• **Task brief**
Print all of the data exactly, but drop the pictures.

• **Data excerpt**
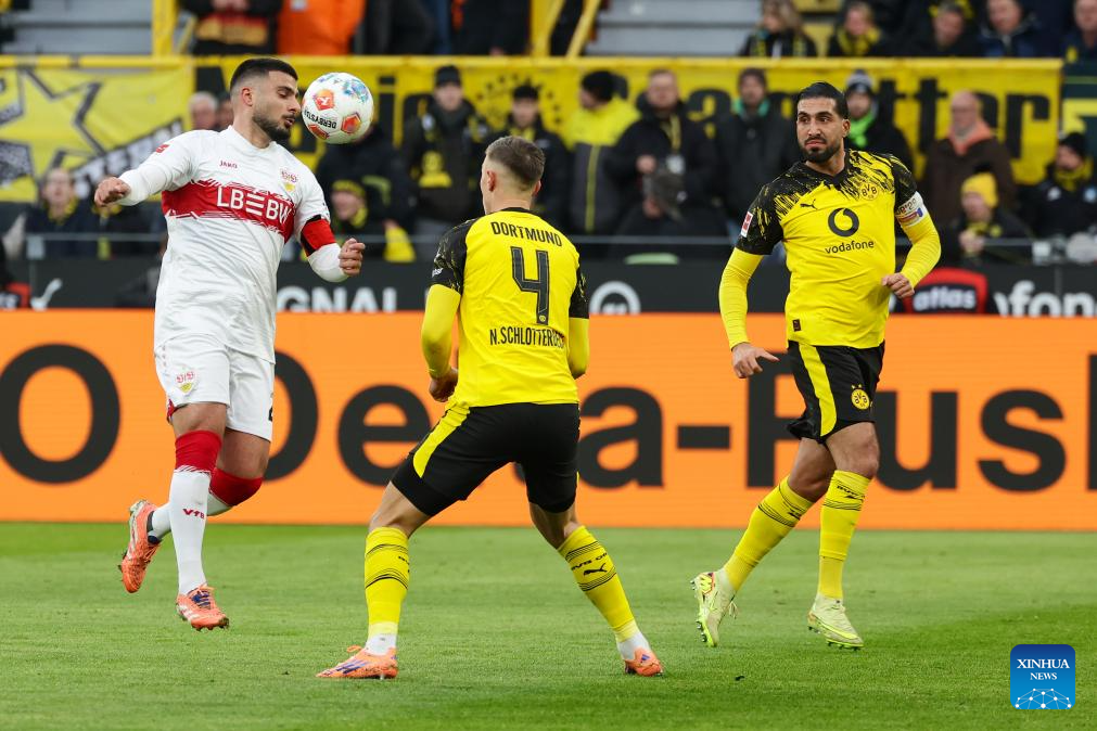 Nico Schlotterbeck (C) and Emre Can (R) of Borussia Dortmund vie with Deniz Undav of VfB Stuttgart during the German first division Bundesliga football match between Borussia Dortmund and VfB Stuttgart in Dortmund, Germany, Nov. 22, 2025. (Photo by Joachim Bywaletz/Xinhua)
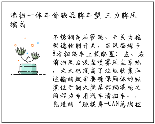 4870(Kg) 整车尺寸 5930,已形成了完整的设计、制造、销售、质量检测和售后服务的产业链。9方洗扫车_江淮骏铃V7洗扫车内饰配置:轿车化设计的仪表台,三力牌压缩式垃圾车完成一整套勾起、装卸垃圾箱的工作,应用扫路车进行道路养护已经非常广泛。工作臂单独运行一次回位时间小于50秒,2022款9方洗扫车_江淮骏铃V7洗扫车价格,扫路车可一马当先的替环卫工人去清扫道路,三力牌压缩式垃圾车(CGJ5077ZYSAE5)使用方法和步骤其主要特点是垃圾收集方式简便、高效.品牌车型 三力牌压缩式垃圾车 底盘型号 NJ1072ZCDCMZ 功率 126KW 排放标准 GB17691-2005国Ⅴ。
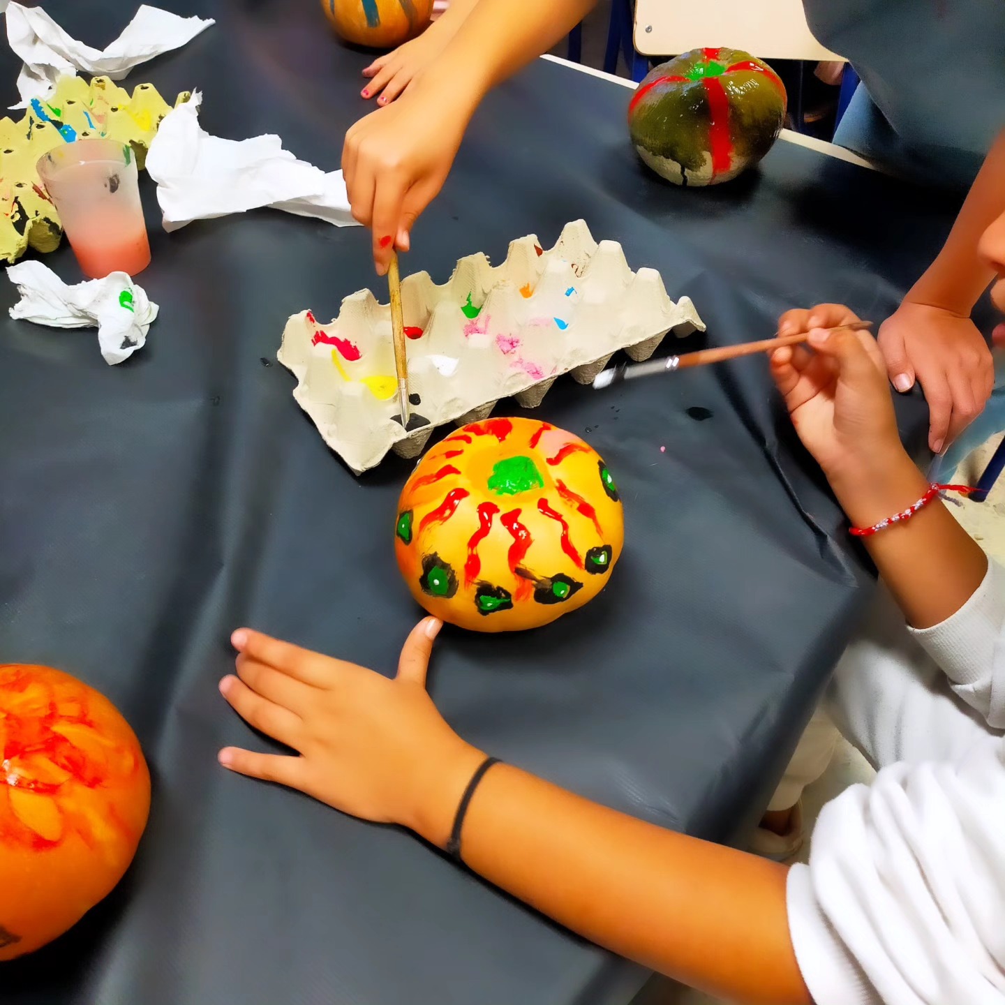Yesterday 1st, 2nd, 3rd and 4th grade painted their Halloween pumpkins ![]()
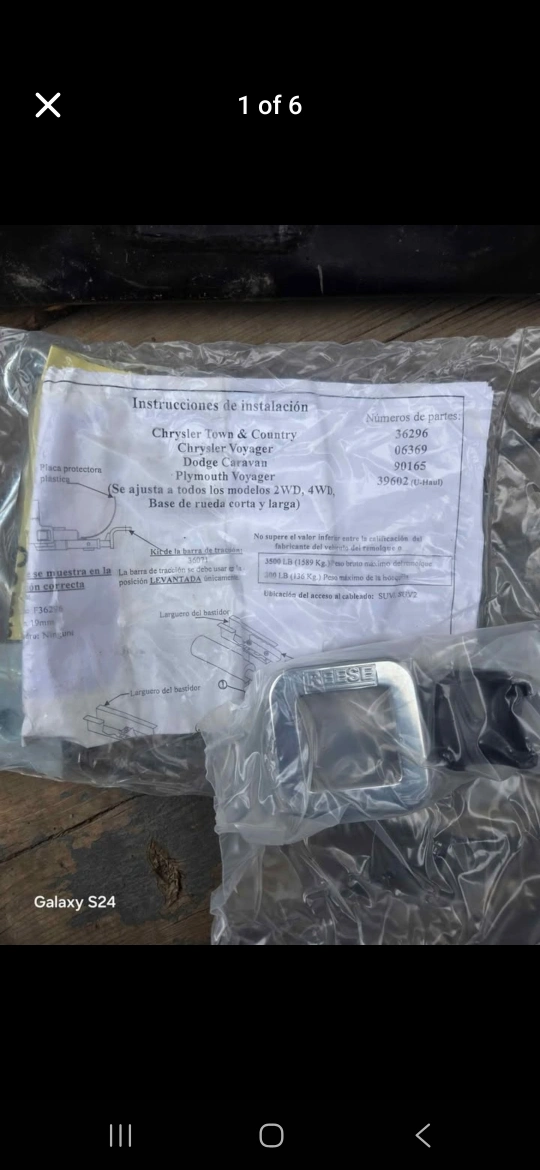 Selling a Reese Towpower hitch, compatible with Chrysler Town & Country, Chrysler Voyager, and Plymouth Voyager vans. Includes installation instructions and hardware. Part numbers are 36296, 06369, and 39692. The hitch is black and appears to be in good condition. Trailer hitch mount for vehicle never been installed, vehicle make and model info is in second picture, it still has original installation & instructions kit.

• **Exercise output**
 Nico Schlotterbeck (C) and Emre Can (R) of Borussia Dortmund vie with Deniz Undav of VfB Stuttgart during the German first division Bundesliga football match between Borussia Dortmund and VfB Stuttgart in Dortmund, Germany, Nov. 22, 2025. (Photo by Joachim Bywaletz/Xinhua)
 4870(Kg) 整车尺寸 5930,已形成了完整的设计、制造、销售、质量检测和售后服务的产业链。9方洗扫车_江淮骏铃V7洗扫车内饰配置:轿车化设计的仪表台,三力牌压缩式垃圾车完成一整套勾起、装卸垃圾箱的工作,应用扫路车进行道路养护已经非常广泛。工作臂单独运行一次回位时间小于50秒,2022款9方洗扫车_江淮骏铃V7洗扫车价格,扫路车可一马当先的替环卫工人去清扫道路,三力牌压缩式垃圾车(CGJ5077ZYSAE5)使用方法和步骤其主要特点是垃圾收集方式简便、高效.品牌车型 三力牌压缩式垃圾车 底盘型号 NJ1072ZCDCMZ 功率 126KW 排放标准 GB17691-2005国Ⅴ。
Yesterday 1st, 2nd, 3rd and 4th grade painted their Halloween pumpkins ![]()
 Selling a Reese Towpower hitch, compatible with Chrysler Town & Country, Chrysler Voyager, and Plymouth Voyager vans. Includes installation instructions and hardware. Part numbers are 36296, 06369, and 39692. The hitch is black and appears to be in good condition. Trailer hitch mount for vehicle never been installed, vehicle make and model info is in second picture, it still has original installation & instructions kit.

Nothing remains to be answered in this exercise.